11-12 yaşlarındaki öğrencilerimin gözlerinde korku vardı ama hâla beni izliyorlardı.
elimde, ortasından kalemin delip geçtiği bir kağıt vardı. doğrunun düzleme göre durumlarını anlatmaya çalışıyordum.
atılan sis bombası belli belirsiz pencereden görünüyordu. veliler vardı okula gelip çocuğunu bir an önce almaya okuldan alıp evine götürmeye çalışan.
'anne babalar gelmiş öğretmenim!' dedi. 'korkmayın' dedim, 'bize bir şey yapmazlar'... belkide onlardan daha çok korksam da bunu belli etmemeye çalışıyordum.
'doğru düzlemi bir noktada kesebilir' dedim. 'elimdeki kağıt doğruyu, kağıt ise düzlemi modellediğ...'
şiddetli bir patlama sesi daha geldi yakınımızdan. koridorda dersleri boş olan bir sınıfın öğrencilerinin çığlık ve koşuşma sesleri birbirine karışıyordu. anlaşılan gördükleri iyi şeyler değildi.

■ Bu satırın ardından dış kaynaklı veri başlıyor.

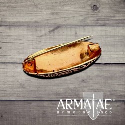 Äußerst formschöne, elegante Buckelfibel, eine sehr gelungene Nachbildung einer Schalenfibel aus Norwegen. Sehr ähnliche Funde sind auch aus Oldenburg und Bornholm bekannt und werden auch als Ovalfibel bezeichnet.

öğrencilerimin ağlamanın eşiğinde olduklarının farkındaydım. bunun için ilgilerini çekebileceğim tek şeyin elimdeki içinden kalem geçirilmiş kağıt olması beni çaresiz bırakıyordu.
11-12 yaşlarındaki öğrencilerimin gözlerinde korku vardı ama hâla beni izliyorlardı.